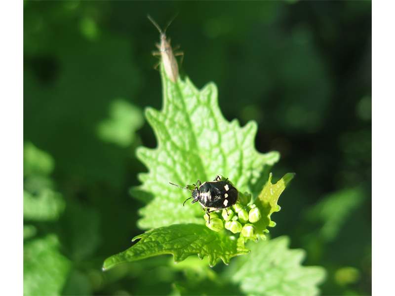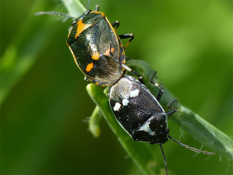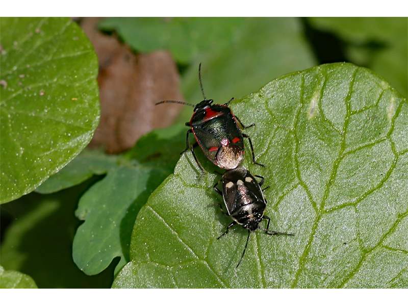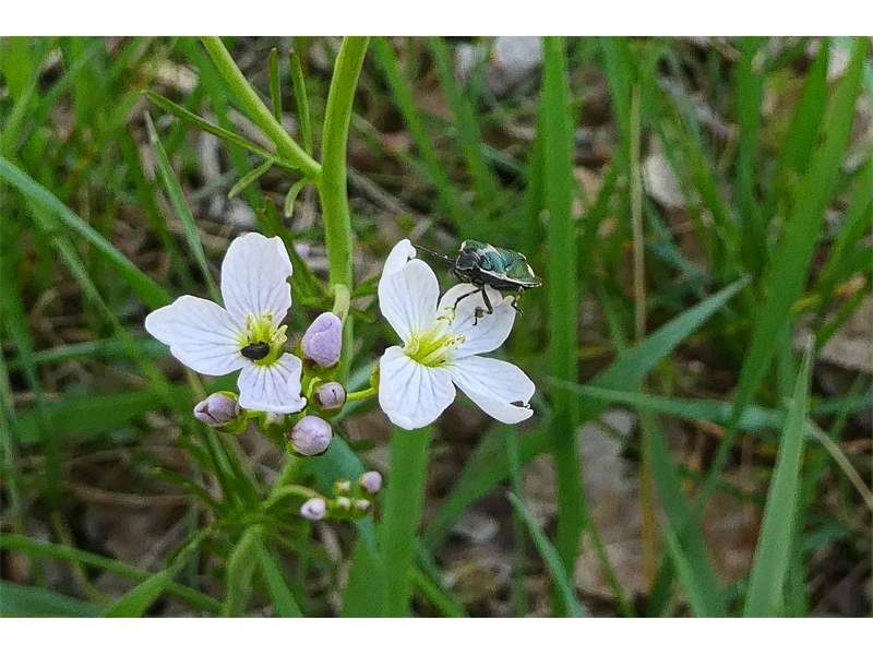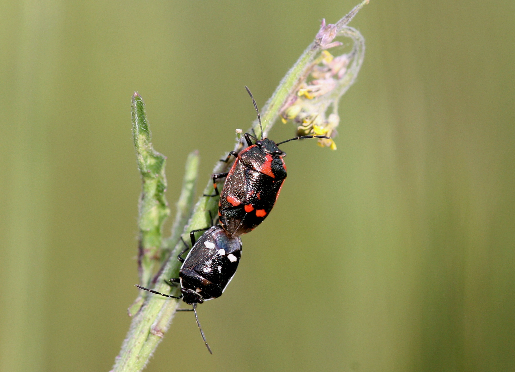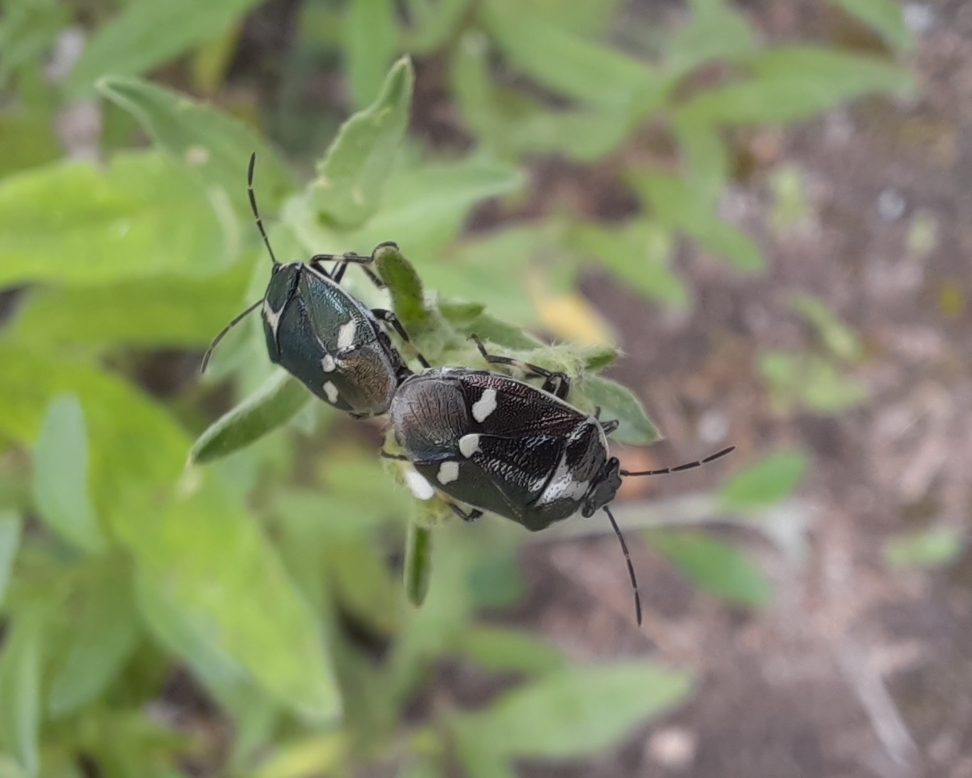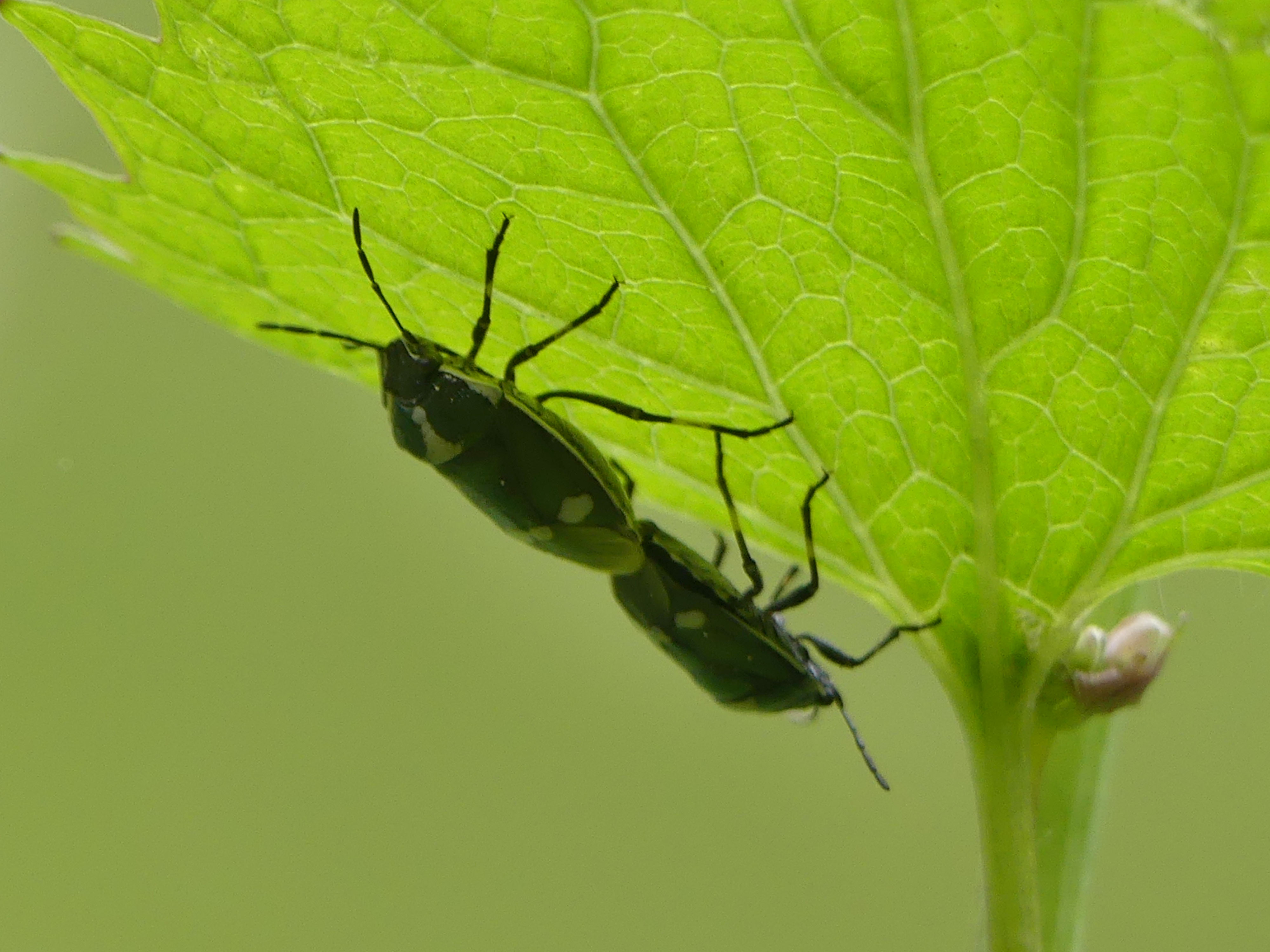 auf Alliaria petiolata in Kopula (oben W, unten M), Oberes Elbtal, Waldrand am Kohlberg, Pirna, 30.04.2020
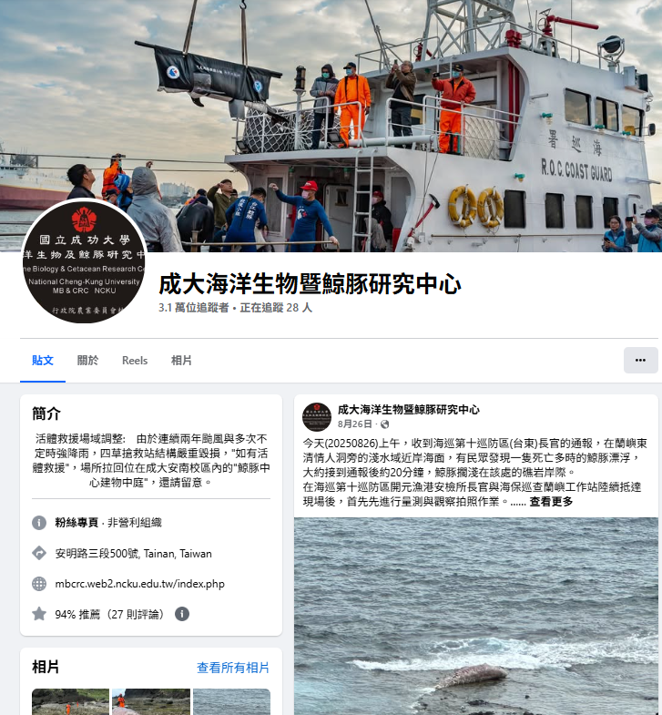 2. The NCKU Marine Biology and Cetacean Research Center is dedicated to the rescue of stranded whales and dolphins, subsequent care, and related research. Its goal is to recruit more volunteers for rescue efforts and to raise public awareness about whale and dolphin conservation, working together to protect marine ecosystems.
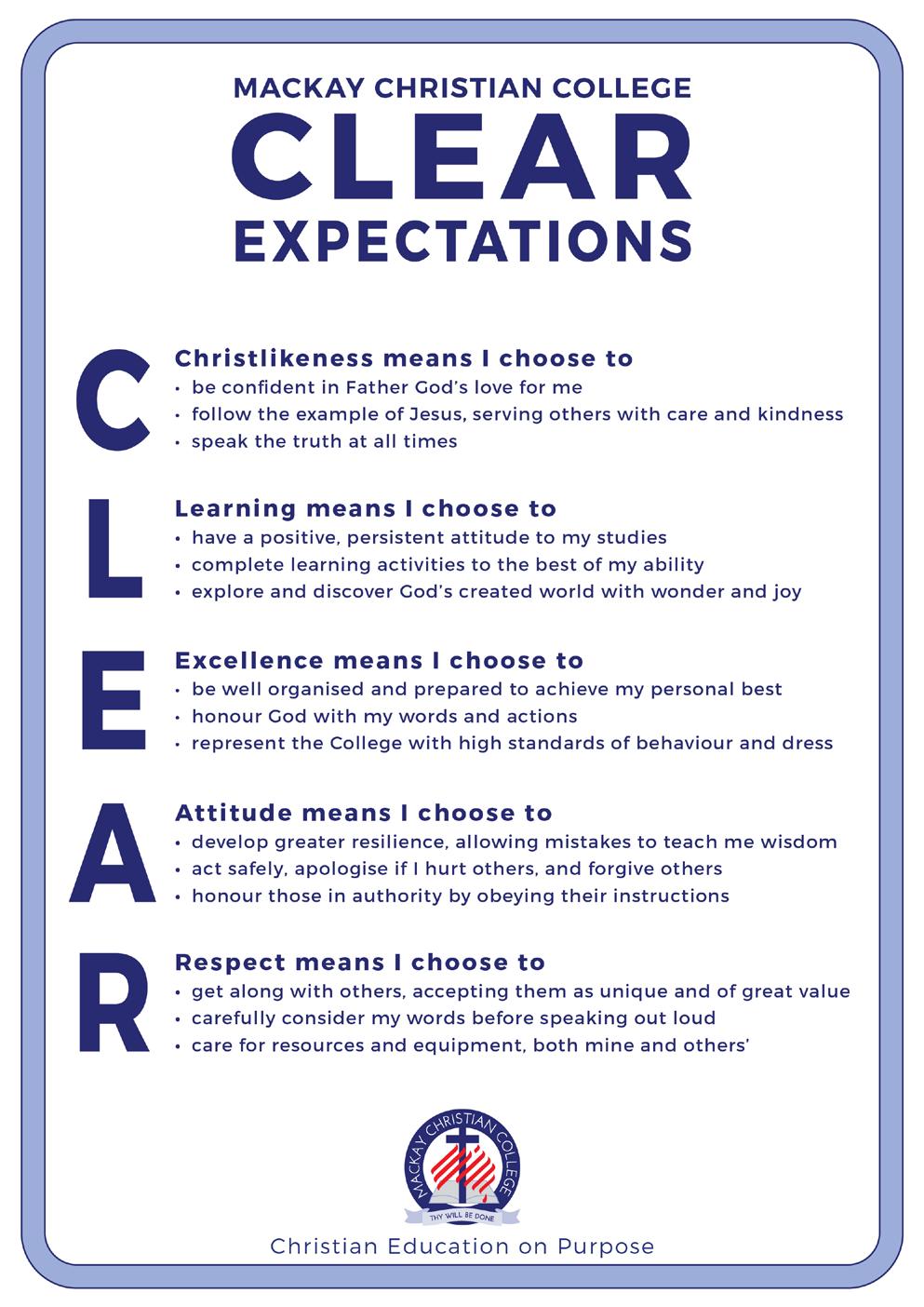 CLEAR is our values-based subject which supports our college values which are: Christlikeness, Learning, Excellence, Attitude and Respect. At Mackay Christian College we are passionate about helping students grow to become all the God wants them to be. The program has been developed with an embedded Christian world with a focus on fostering student’s academic, spiritual, character and emotional development.
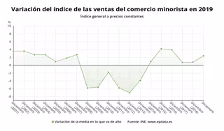 En el último mes de 2019, las ventas del comercio al por menor se incrementaron un 1,9%, tasa 1,1 puntos inferior a la de noviembre. Pese a ello, las ventas del comercio minorista encadenaron en diciembre 15 meses consecutivos de tasas positivas.
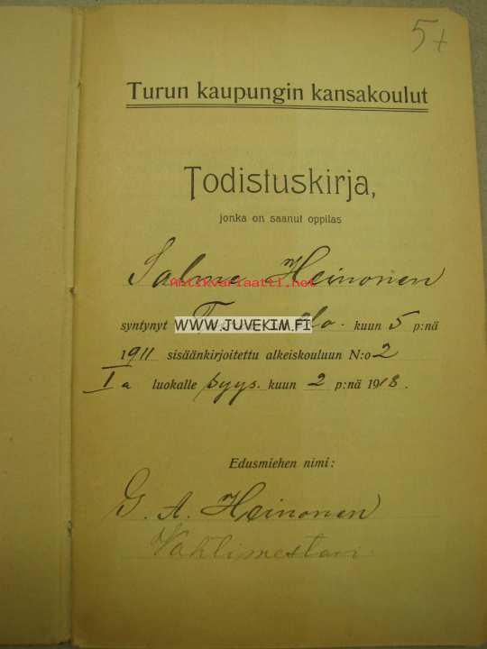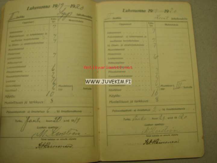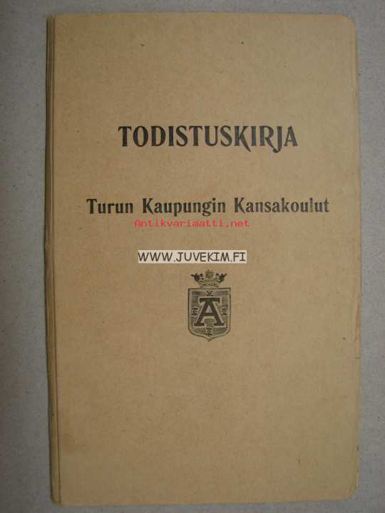 Todistuskirja Turun kaupungin kansakoulut
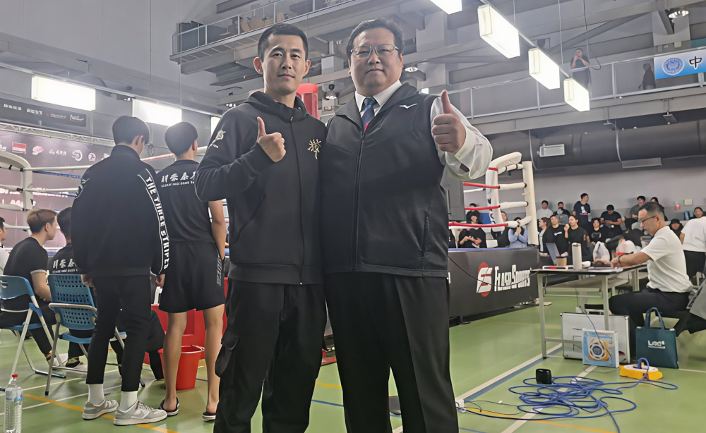 李展志(左)與中華民國踢拳道協會秘書長蔡豐穗合影。姚瑞宸攝
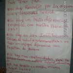 A Amor Por La Vida le han pasado muchas cosas, ustedes si saben que en el principio de la creación del servicio, fuimos víctimas de un robo, un robo brutal, porque fue un saqueo, un vandalismo, se llevaron las carpas acabaron con todo, se llevaron hasta las cosas de mi bebé, después de eso, si ha habido panfletos amenazantes porque todo el que llega al servicio comunitario es portador del VIH, ahí están los sidientos y eso es un factor de violencia, en ese mismo momento estoy siendo víctima de amenazas, pues uno quisiera hablar públicamente y decir, cosas, pero desafortunadamente no se puede, porque desafortunadamente aquí aunque estamos tratando y estamos luchando porque haya una unidad, haya un respeto e igualdad eso todavía tal vez aquí no va a ser posible, entonces necesitamos más unión unirnos mancomunadamente para hacer todo este tipo de eventos y sobre todo para hacer este tipo de denuncias de estas, ustedes saben que no podemos ir a decir fue qué, fue qué, el fuequeísmo, tenemos que ir directamente con cosas concretas, pero sinceramente si el servicio comunitario Amor Por La Vida en este instante hoy 27 de mayo de 2014, en este taller por la paz si somos víctimas, hemos sido víctimas de panfletos, nos están diciendo fuera de aquí sidientos, dejen de meterse tanto, Maricones, etc. Etc. etc. y no todos aquí tienes los pantalones para parase y decir lo que está pasando, porque no es fácil, por ejemplo en el caso mío yo tengo una familia a quien proteger, ustedes también tiene una familia y tenemos que cuidarnos entre nosotros mismos, y aquí si yo denuncio públicamente ante el Observatorio de Caribe Afirmativo con nuestro aliando Wilson Castañeda, estamos diciendo que sí somos víctimas del conflicto armado, amenazas, víctimas de la homofobia y la transfobia, y del odio de muchos sectores de este municipio, desafortunadamente pues vea aquí nos sentimos desprotegidos, nosotros hicimos lo posible porque vinieran representantes del municipio y aquí no vemos a nadie, pero no nos vamos a dejar intimidar por esos panfletos y esas amenazas, seguimos luchando, y pues compañeros unidos somos más.

- _Problem to work on_: Please, without any pictures, write out exactly the lines of the listing from its first line through the line that holds "2. The NCKU", ends included, and nothing beyond them.

- _Solution for this task_:
 auf Alliaria petiolata in Kopula (oben W, unten M), Oberes Elbtal, Waldrand am Kohlberg, Pirna, 30.04.2020
 2. The NCKU Marine Biology and Cetacean Research Center is dedicated to the rescue of stranded whales and dolphins, subsequent care, and related research. Its goal is to recruit more volunteers for rescue efforts and to raise public awareness about whale and dolphin conservation, working together to protect marine ecosystems.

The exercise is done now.